SiO2 Materials Science is, meanwhile, ramping up capacity of plastic vials with a glass lining, which are more stable at ultra-low temperatures. Once packaged, many vaccines need to be kept cold - and some leading contenders made from genetic material such as messenger RNA need to be kept very cold - presenting another challenge that may limit access. "People who work with mRNA store it at minus 80 degrees centigrade, which is not something you're gonna find in most pharmacies or doctor's offices," said Dr Paul Offit, director of the Vaccine Education Centre at Children's Hospital of Philadelphia and co-inventor of the rotavirus vaccine. Peters of Birmingham university has been gathering data from poorer regions of Africa and Asia and said breaks in the temperature-controlled supply chain - "cold chain" - are already frequent.
In some places, it is common to lose 25% or more of vaccines because of broken cold chains, he told Reuters.
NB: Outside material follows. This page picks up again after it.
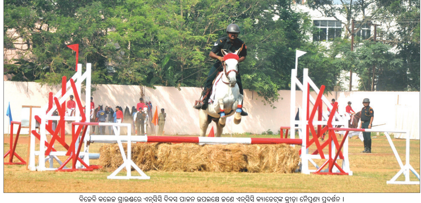
ବିଭେଦି କଲେକ୍ଟର ଗ୍ରାଉଣ୍ଡରେ ଏନସିସି ବିଏସ୍ ପାଳନ ଉପଲକ୍ଷେ ଜଣେ ଏନସିସି କ୍ୟାଡେଟ୍‌ଙ୍କୁ କ୍ୱାଡ୍ରା ନୈମ୍ନେଶ୍ୟ ପ୍ରଦର୍ଶନ।

ଆମେରିକାର ରାଷ୍ଟ୍ରପତି ଉବେନ(ହାଉସ୍ ହାଉସ୍)ର ପ୍ରେସ୍ ସଚିବ ସାରା ସାଣ୍ଡର୍ସ କା ରାଷ୍ଟ୍ରରେ ପାକିସ୍ତାନର ପଦକ୍ଷେପକୁ ସମାଲୋଚନା କରି କହିଛନ୍ତି ସେ ଏହାଦ୍ୱାରା ଆତଙ୍କବାଦୀ ଆତଙ୍କବାଦ ବିରୋଧରେ ଲିବା ପାଇଁ ପାକିସ୍ତାନର ଛଦ୍ମପ୍ରତିଷ୍ଠାକର୍ତ୍ତା ପଦରେ ପଡ଼ିଯାଇଛି। ଏଥି ସହିତ ପାକିସ୍ତାନ ଦାବି କରିବାକୁ ଆତଙ୍କବାଦ ବିରୋଧୀ ଅଭିଯାନ ମିଶ୍ର ବୋଲି ପୁଣି ପ୍ରମାଣିତ ହୋଇଛି। ତେଣୁ ପାକିସ୍ତାନ ଗମାଗମନ ସହ ନେଇ ପାକିସ୍ତାନ ଟୁରକ୍ ହାଫିଜ୍‌କୁ ସାରିଗିରଫ ସହ ଦଣ୍ଡ ଦେବାକୁ ସାହାଯ୍ୟ କରିବାକୁ ଅନୁରୋଧ କରିଛନ୍ତି। ଏହା ନକଲେ ଆମେରିକା ସହ ସମ୍ପର୍କରେ ତ ଛାଡ଼ା ଦିବ, ସାରା ବିଶ୍ୱରେ ମଧ୍ୟ ପାକିସ୍ତାନର ଭାବମୂର୍ତ୍ତି ଅତି ମତ୍ତରେ ବିଶ୍ୱସ୍ତ ହୋଇ ସେ ସଫଳ ହୋଇ ପାରେ।
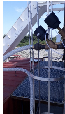
Sortie Pompe à vide

"So, if you're looking to manufacture four billion, and you reckon you're going to lose 25%, then you have to manufacture five billion," he said. "It's all the elements to move it from the point of manufacture to the point of aggregation, right down to the health centres and then out to the community." Companies developing mRNA vaccines, including Moderna and Translate Bio, which is partnering with Sanofi, are working to make candidates stable at higher temperatures. Ron Renaud, CEO of Translate Bio, said he was confident this would happen "within a short amount of time". Colleen Hussey, a Moderna spokeswoman, said: "We are getting more confident that we could run our supply chain at -20C, which is an easier storage condition than deep freezing," she said.
Moderna plans to add a small period of time in which the vaccine can be stored at normal fridge temperatures of 2 to 8 degrees Celsius in doctors' offices or clinics. "We will know more in the next 2-3 months," she said. The pandemic is also presenting obstacles of a less technical nature. Catalent, which has some 30 plants globally, has had to write special permission slips in eight languages explaining that their workers are considered essential. J&J is having trouble getting experienced personnel to far-flung labs to oversee the transfer of technology to contract manufacturers because they're subject to 14-day quarantines.